Крым волей судеб оказался последним кусочком Родины, с которой Владимиру Набокову, столь остро и неизбывно, практически до конца своих дней переживавшего ностальгические муки, поневоле пришлось расстаться. Утром 5(18) ноября 1917 г., сойдя с поезда «Санкт-Петербург — Симферополь», он с братом впервые ступил на крымскую землю, а 2(15) апреля 1919 г. на греческом судне «Надежда» навсегда покинул ее. Крымский период в жизни и творчестве Набокова, таким образом, продлился 513 дней. Они достаточно подробно и весьма красочно описаны в его мемуарных произведениях «Другие берега» (1954) и «Speak, Memory!» (1966), а также — с соответствующими комментариями—в многочисленных биографиях писателя, особенно в 7-й главе книги Брайана Бойда «Владимир Набоков: русские годы», симптоматично озаглавленной «Преддверие изгнания: Крым, 1917—1919». Касаясь этого хорошо освоенного материала, я позволю себе привлечь внимание к перипетиям творческого созревания молодого поэта, которому еще только предстояло стать одним из самых знаменитых прозаиков в мировой литературе ХХ в., но который при этом оставался верен своей поэтической лире.

Самые первые творческие искусы он уже прошел в Петербурге. Уже вышел его дебютный сборник с непритязательным названием «Стихи» (1916), из которого одно стихотворение — «Лунная греза» — удостоилось перепечатки в толстом журнале «Вестник Европы» (за тот же год, № 7), уже Владимир Гиппиус вдоволь натешился, критикуя неумелые лирические излияния неопытного неофита, уже кузина последнего, Зинаида Г иппиус, попросила отца юного дарования передать сыну, что он никогда не станет писателем, уже появились первые благожелательные отзывы о его стихах, уже позади остались и оконченное училище, и родной город, и дом на Большой Морской, и Рождествено, и Выра, и Оредежь — все то, что составляло для него его малую, милую, горячо любимую родину.

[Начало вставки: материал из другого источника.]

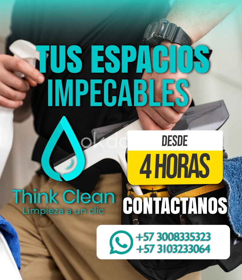 Think Clean – Servicio de Aseo a Domicilio y Empresarial en Bogotá ¿Buscas un servicio de aseo confiable en Bogotá? En Think Clean somos especialistas en limpieza a domicilio, aseo por horas, limpieza para oficinas y servicio de aseo personalizado. Contamos con personal de limpieza altamente capacitado, puntual y de confianza, listo para atender tus necesidades de limpieza en el hogar o la empresa. Ofrecemos servicios de: Aseo a domicilio en Bogotá Limpieza por horas o por días Servicio de limpieza para oficinas y empresas Personal de aseo confiable y profesional Aseo con productos e implementos incluidos (si se requiere) Adaptamos el servicio según tu necesidad: limpieza profunda, mantenimiento general, aseo post obra, limpieza por mudanza o desinfección. Atendemos en toda Bogotá. Si estás buscando: Servicio de aseo a domicilio Aseo por horas Bogotá Personal de limpieza confiable Empresa de limpieza profesional Servicio de aseo urgente o programado Think Clean es tu mejor opción. Agenda tu servicio hoy mismo. Contáctanos por WhatsApp: +57 310 323 3064 Atención inmediata

Оказавшись в Крыму, помимо страстного увлечения лепидоптеро- логией, молодой поэт с нерастраченной юношеской энергией предался творчеству. Продуктивность его поэтических усилий в Крыму была поистине поразительной. В некоторые дни ему удавалось написать до трех стихотворений кряду (например, 1 января 1918 г.). Он пробовал себя и в драматургии, написав небольшую пьесу в гекзаметрах «Весной» с любопытным жанровым обозначением: «Нечто лирическое в одном действии», и в эпических полотнах, противопоставив, с одной стороны, своей же пьесе «Весной» антонимичную ей по названию поэму «Поздней осенью» и, с другой стороны, до глубины души возмутившей его поэме Блока «Двенадцать» свою аполитичную поэму «Двое» (к сожалению, неопубликованную).

Главное же направление его творческих исканий было связано с лирикой: любовной, пейзажной, гражданской и философской, в частности религиозной (цикл «Ангелы», состоявший из вступления и девяти стихотворений — по числу догматических ангельских чинов)32. Всего им было написано свыше 300 стихотворений. Был, кстати сказать, задуман сборник под названием «Раскрытые окна», в который после строгого отбора должно было войти 224 стихотворения. Но сборник так и остался в виде рукописного альбома, озаглавленного «Цветные камешки», откуда в антологию всей его поэзии, изданную в 1979 г., попало лишь одно-единственное стихотворение33. Этот и несколько других альбомов, содержащих, по сути дела, архив начального этапа творческой эволюции Набокова, в настоящее время находятся в национальной библиотеке Нью-Йорка. В посмертных изданиях, в частности в сборнике Большой серии библиотеки поэта 2002 г., помещено чуть более 50 стихотворений, написанных во временной промежуток, который Набоков провел в Крыму34.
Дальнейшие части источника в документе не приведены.